Oneremit spotlights stablecoins at CAFS 2025, driving seamless cross-border payments for Africa
Partner By Guest
5 minute read
Oneremit advocates for seamless cross-border payments at Canadian fintech summit 2025

At the recently concluded Canada-Africa Fintech Summit (CAFS) 2025 in Toronto, Oneremit’s Chief Executive Officer, Hammed Adewumi Afenifere, delivered an impactful session on how stablecoins are transforming cross-border payments for African businesses, students, and families.

Addressing an audience of policymakers, banking executives, fintech innovators, and investors, Afenifere emphasized that stablecoins are no longer abstract digital assets but practical financial tools already reshaping everyday transactions. He spotlighted their growing relevance in critical areas such as tuition payments, trade settlements, and business remittances between Nigeria and Canada.

“We’ve seen firsthand how stable digital currencies help African businesses and families bypass unnecessary friction when sending money abroad, particularly from Nigeria to countries like Canada,” Afenifere explained. “These solutions are giving people speed, reliability, and access in ways traditional banking has often struggled to deliver.”

Oneremit, a cross-border fintech company focused on Africa, has built its operations around solving this exact challenge. By integrating stablecoins into its payment rails, the company enables faster, more transparent, and cost-efficient transfers unlocking new opportunities for SMEs and communities previously limited by conventional financial systems.

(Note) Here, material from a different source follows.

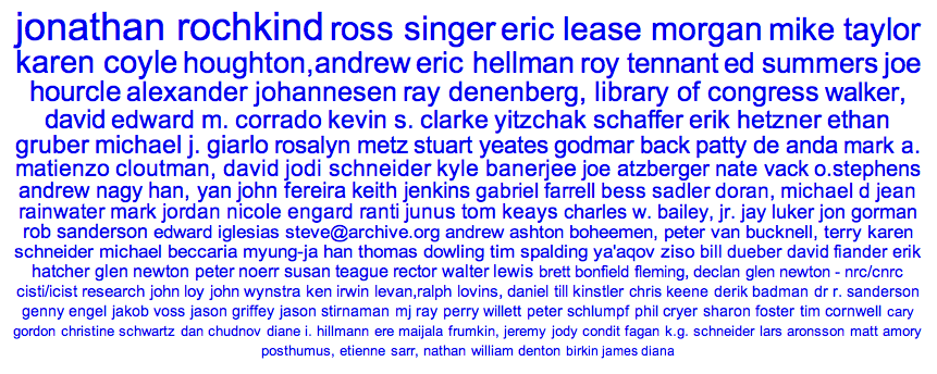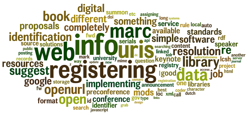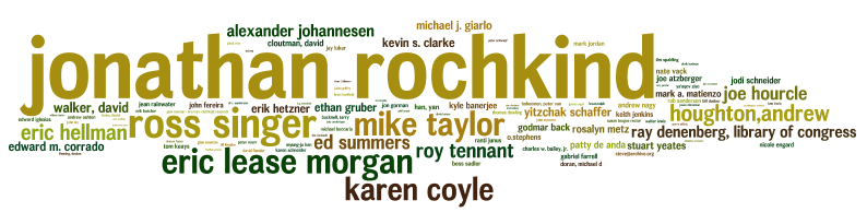 The keynote address, Critical collaborations: Programmers and catalogers? Really?, was given by Diane Hillman (Metadata Management). In it she advocated greater collaboration between the catalogers and coders. “Catalogers and coders do not talk with each other. Both groups get to the nitty-gritty before their is an understanding of the problem.” She said change needs to happen, and it should start within our own institutions by learning new skills and having more cross-departmental meetings. Like Wheeler, she had her own set of tensions: 1) “cool” services versus the existing online public access catalog, and 2) legacy data versus prospective data. She said both communities have things to learn from each other. For example, catalogers need to learn to use data that is not created by catalogers, and catalogers need not always look for leadership from “on high”. I asked what the coders needed to learn, but I wasn’t sure what the answer was. She strongly advocated RDA (Resource Description and Access), and said, “It is ready.” I believe she was looking to the people in the audience as people who could create demonstration projects to show to the wider community.

Afenifere noted that the future of finance cannot be driven by disruption alone but must also be grounded in trust and collaboration with regulators and institutions. He called for a balanced approach where innovation is designed to be safe, inclusive, and scalable. “Trust is the currency of finance. For stablecoins to scale responsibly, we must ensure that users, governments, and institutions all benefit from the value they bring,” he stressed.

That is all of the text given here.